Ils ont accueilli le cadre américain comme une étape solide vers la protection de l’avenir de l’Ukraine, mais ont clairement indiqué que tout accord de paix doit réellement refléter les intérêts de l’Ukraine et préserver sa capacité à se défendre.

Le groupe a également souligné l’importance de rester alignés à travers l’Europe et l’OTAN avant d’avancer avec une résolution.

Pour l’instant, ils continueront à coordonner étroitement pour s’assurer que tout le monde reste sur la même longueur d’onde au fur et à mesure que les pourparlers de paix se développent.

Chute des actions européennes de la défense

Les actions européennes de la défense ont souffert après que le président ukrainien Zelensky a laissé entendre qu’il pourrait être ouvert à discuter d’un plan de paix soutenu par les États-Unis pour mettre fin à la guerre avec la Russie.

L’indice STOXX Aerospace and Defence a chuté à son plus bas niveau depuis septembre, et plusieurs grands noms ont fortement chuté.

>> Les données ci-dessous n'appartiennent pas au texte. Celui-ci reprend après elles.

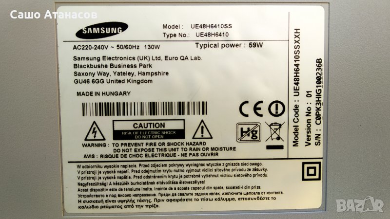 SAMSUNG UE48H6410SS със счупена матрица ,BN44-00709A ,BN41-02156A ,BN41-02110A ,WIDT30Q ,WIBT40A

Les allemands Hensoldt, Renk et Rheinmetall ont reculé entre 5 % et 8 %, tandis que Leonardo en Italie et Saab en Suède ont reculé de 3 % à 4 %.

Les analystes affirment que le plan proposé inclut des termes controversés comme la cession de la région du Donbass par l’Ukraine et la réduction de la taille de son armée, des conditions auxquelles l’Ukraine et ses alliés ne sont pas tout à fait d’accord.

Pourtant, le marché a réagi rapidement, vendant des actions de défense à la possibilité d’une désescalade.

Certains analystes ont également noté que, bien que la baisse reflète la nervosité des investisseurs, elle pourrait s’avérer être une opportunité pour ceux qui souhaitent entrer dans le secteur, étant donné que les tensions géopolitiques ne vont pas disparaître de sitôt.